Based on currently available information, however, it does not seem rational to change the current recommendations on infection, prevention and control (IPC) measures which have proven to be effective for SARS and other coronaviruses. The successful prevention of further amplification of nCoV infections associated with health care will depend on the maturity of IPC programmes and the implementation of administrative and engineering and environmental controls. Droplets and contact precautions and eye protection should be added to standard precautions for health-care workers or visitors in close contact when caring for patients with probable or confirmed nCoV infection in healthcare settings. Additional precautions should also be applied when performing aerosol-generating procedures that are thought to be associated with an increased risk of infection transmission. The experience with SARS-CoV has clearly shown that it is crucial that health-care workers are provided with the appropriate protection for caring for nCoV-infected patients and followed up if exposure has occurred. The detailed IPC recommendations are available in the ARI guideline and on the WHO Coronavirus web page [8,40].

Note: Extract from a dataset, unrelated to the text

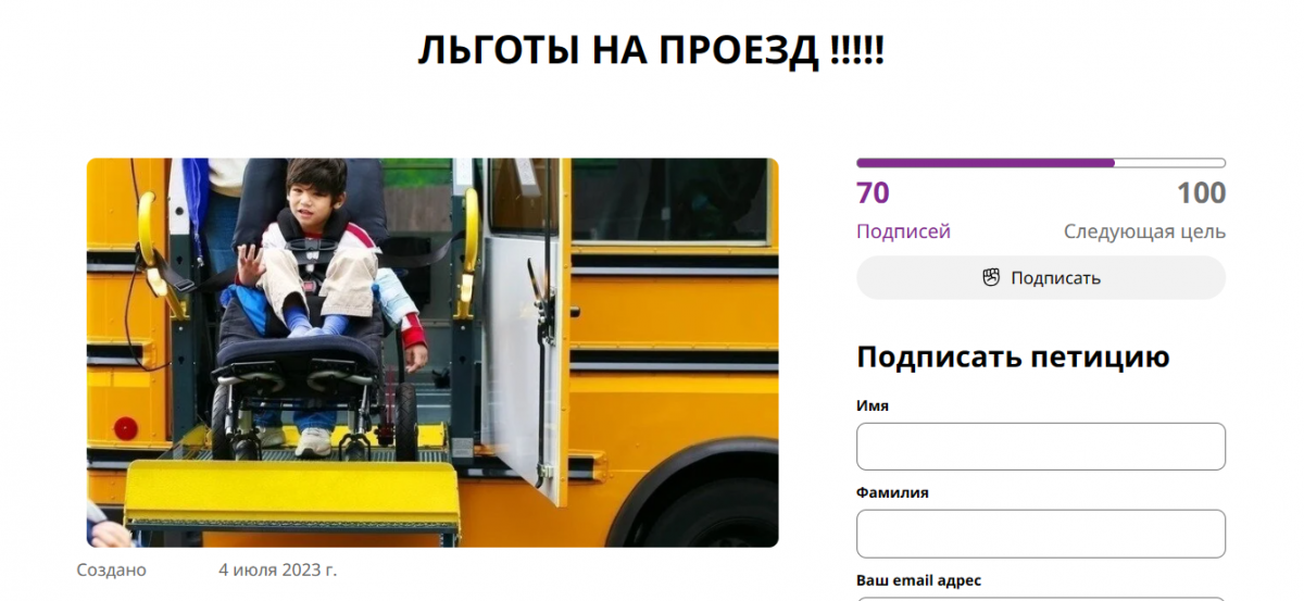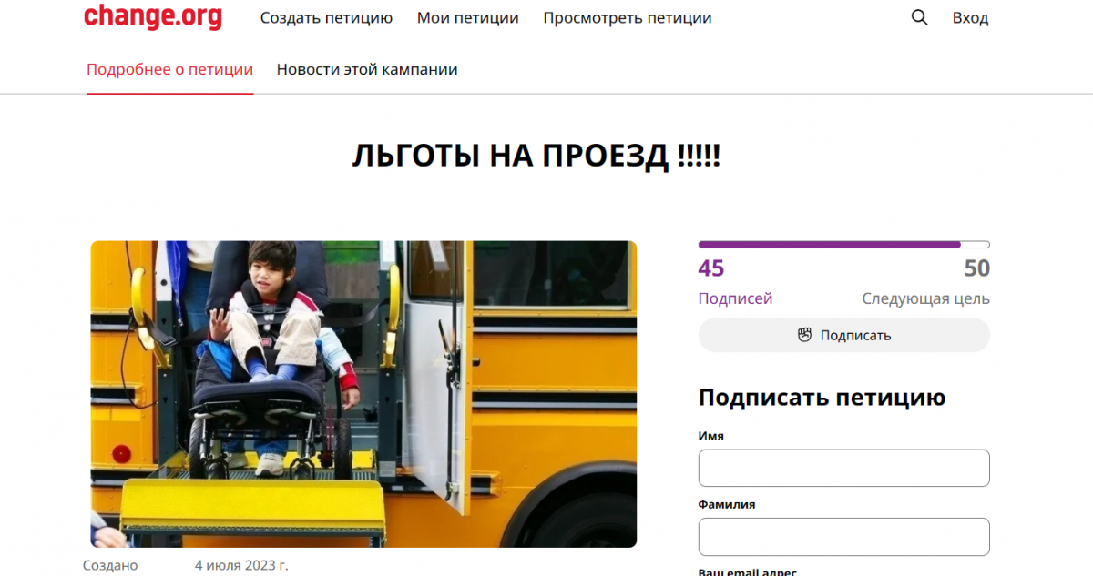 Граждане создали петицию. На сегодняшний день ее подписали 45 человек. Автор, кстати, отметил, что льготный проезд для маломобильных людей внедрен в Липецкой области, Москве и Московской области. Но в Воронежской области невозможно этим воспользоваться, так как общественный транспорт является частным.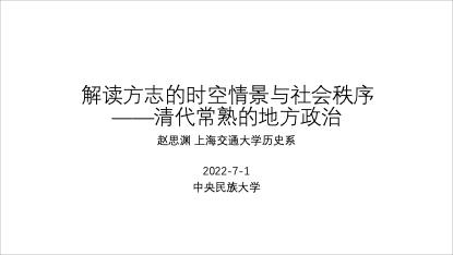2022年7月1日上午,william威廉中文官网历史文化学院“第三届田野历史调查方法研习营”第五场讲座通过线上平台“腾讯会议”顺利举行。本次讲座由上海交通大学历史系副教授赵思渊老师主讲,由浙江大学历史系教授杜正贞老师担任主持人和对谈人,主题为“解读方志的时空情景与社会秩序——清代常熟的地方政治”。

The current scientific knowledge on the duration of infectivity of nCoV infection is limited. Based on currently available information, the isolation precautions need to be applied consistently during the duration of symptomatic illness and continued for not less than 24 hours after the resolution of symptoms. Until the epidemiology of the nCoV is better understood, and also considering other factors, testing for viral shedding could assist in decision-making, when available. On the other hand, a positive result for viral shedding does not necessarily imply effective infection transmission, and the epidemiological studies are the cornerstone for better informed decision making. Patient information (e.g. age, immune status and medication) should also be considered in situations where there is concern that a patient may be shedding the virus for a prolonged period. In such situations a more cautious approach, such as a longer duration of IPC precautions, may be necessary.